If you are so inclined, please donate to any one of the pages there. We really appreciate the support, and not even a cent goes to us. Here are some highlights of my part of the stream, in case you missed it and want to donate but still get some stream action:
1. I play some MtG – pretty standard stuff, nothing too crazy.
2. Tired of Magic, I decided to try some Half Life 1 multiplayer, which failed miserably with my awful DSL internet connection.
3. Still itchin’ for some gaming action, I loaded the old Fallout 3 GOTY disc to have a go at that. Sadly, it lagged massively with the stream running on my old Dell Latitude E6400.
4. Computer crash! Overheating killed the poor old laptop, so I placed a fan next to the heat vent, rebooted, and stopped trying to play Fallout.
5. I almost s*** my pants playing Vanish, a brutally scary indie horror game. Ugggggggg.
6. Back to Magic! There are no scary Ackbar-like creatures lurking to kill me in this game, right? …Right?
7. I awkwardly wrap things up with a couple of Legacy 60-card tribal wars decks.
So those are some of the highlights! If any of this interests you, feel free to check out the recorded stream on YouTube.
Here is Bava’s part of the stream:
Thanks so much for the support, guys. Let’s raise some money!
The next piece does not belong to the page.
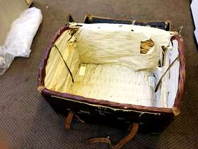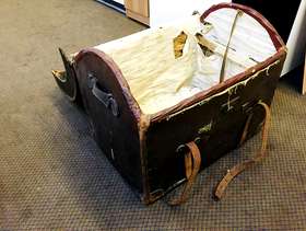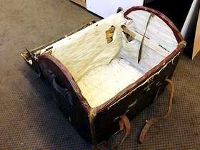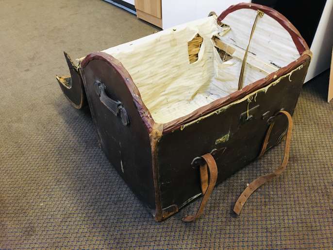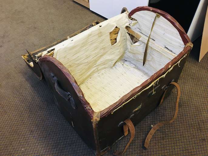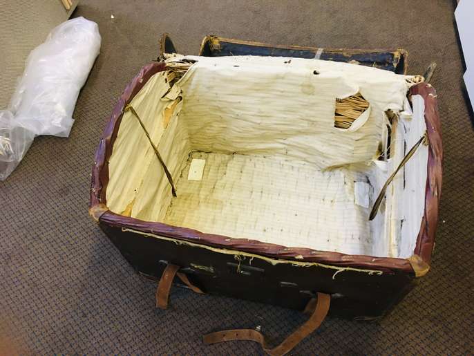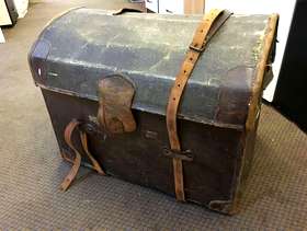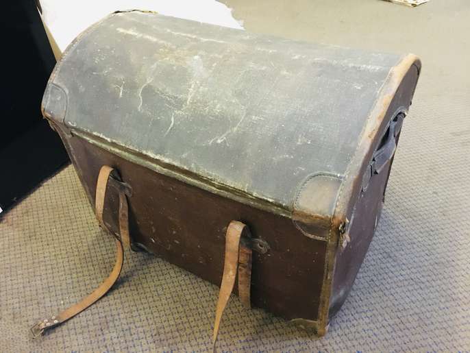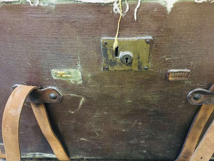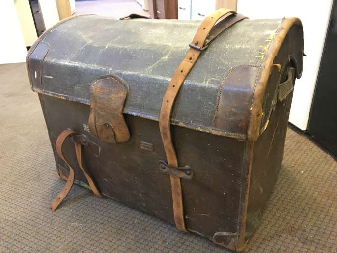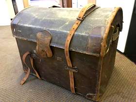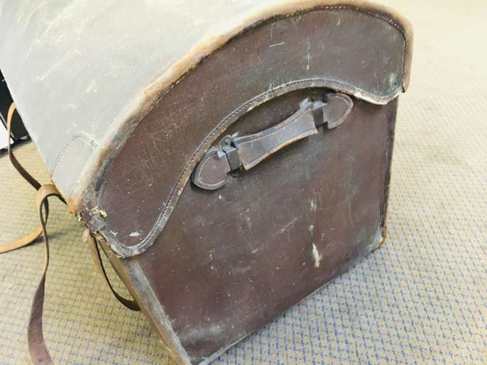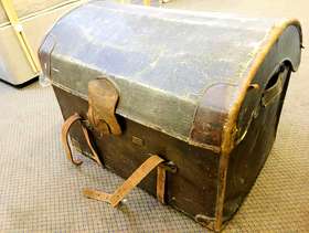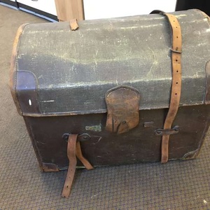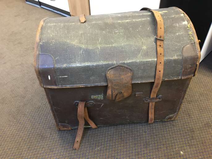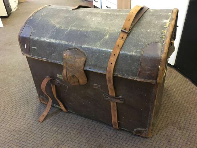 This is a lovely traditional brown leather trunk is from years gone by one of the leather straps has lost its buckle the trunk is 77 long 55 cm wide and stands 60 cm tall perhaps ideal for a shop window display or a prop in a play? i can deliver to the local halifax/bradford area for a £10 delivery charge

Now I wanted to share with you one of the craziest and most random decks out there in the Legacy format. It is probably one of the most notable first-turn kill (hereafter abbreviated FTK) decks in the format, and one of my favorites. While definitely not a competitive deck, this is a fun little build that will take some people by surprise when you kill them out of the blue. The deck is called Leyline FTK, and that’s because you win by attacking with a bunch of Leylines. Crazy, right? Check out this list:
Legacy Leyline FTK
4 Leyline of Anticipation
4 Leyline of Lifeforce
4 Leyline of Lightning
4 Leyline of Punishment
4 Leyline of Sanctity
4 Leyline of the Meek
4 Leyline of the Void
4 Leyline of Vitality
4 Gemstone Mine
4 City of Brass
4 Serra’s Sanctum
4 Mana Confluence
3 Enlightened Tutor
3 Crop Rotation
2 Street Wraith
Here is an example hand:
FTK! Assuming you are playing first, or drawing and the opponent does not play a blocker, you will win on your first turn. It works like this: You start the game with five Leylines in play; their type is largely irrelevant. Turn 1, play that Serra’s Sanctum and tap it for . Play Opalescence, making all of the Leylines into 4/4’s. Since the Leylines started the game in play, they are unaffected by summoning sickness. Ergo, attack for the even 20.
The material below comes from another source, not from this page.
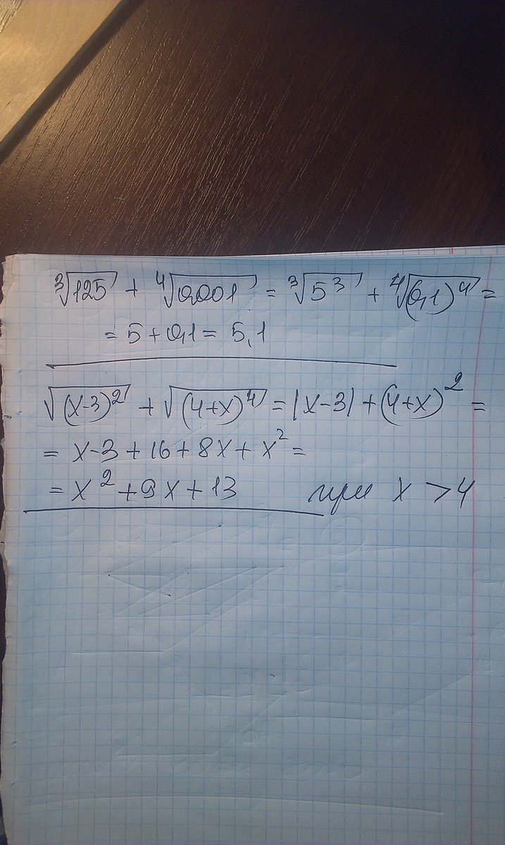 2) √(х-3)²+√(4+х)⁴, при х>4

While that won’t happen most of the time, the rest of the deck is designed to make it so that an Opalescence can resolve with at least a few enchantments in play. Crop Rotation turns any land into Serra’s Sanctum, which will almost always produce more mana than the previous land did, with 32 Leylines in the deck with which to start the game. Enlightened Tutor can find Opalescence for only 1 mana. It’s possible to run Idyllic Tutor. However, I like that E-Tutor only costs 1 mana as opposed to 3, with only 16 lands in the deck. Running a couple of Street Wraith also makes it possible to draw the tutor target for 2 life if the tutor is cast at the end of the opponent’s turn. Wraith is also just good in general, just to get through the deck for relevant spells a little bit more quickly.
The deck is definitely not tiered. I have opted to not include a sideboard here, as there is almost no chance someone could place with this at a GP, or even an FNM event. If you wish to use a sideboard for more competitive, or just improved casual play, I would start with 4 Greater Auramancy. Not a bad tool to have in the face of potential game two hate; remember that Qasali Pridemage is a thing. The inclusion of 4 Serum Powder in the board is not a bad idea either. It improves the chances of finding a turn 1 or 2 kill in the face of a fast deck such as ANT. In fact, it’s not a bad idea to have Mindbreak Traps – four to be precise – to beat most Storm decks. Just mull down to either Leyline of Sanctity or the Trap and win from there. The last three spots I will dedicate to Squire. Really. I’m sure there is some good relevant spell that would fit nicely there, but it is not coming to me off the top of my head.
That’s the nice thing about running a deck with lots of Leylines – sometimes, you just insta-win. We already have 4 maindeck Leyline of the Void for Dredge and Reanimator, and 4 Leyline of Sanctity, which is amazing against Burn and Storm, and decent against Jund. That kind of built-in resiliency makes the deck that much more fun when sneaking in wins against tiered decks.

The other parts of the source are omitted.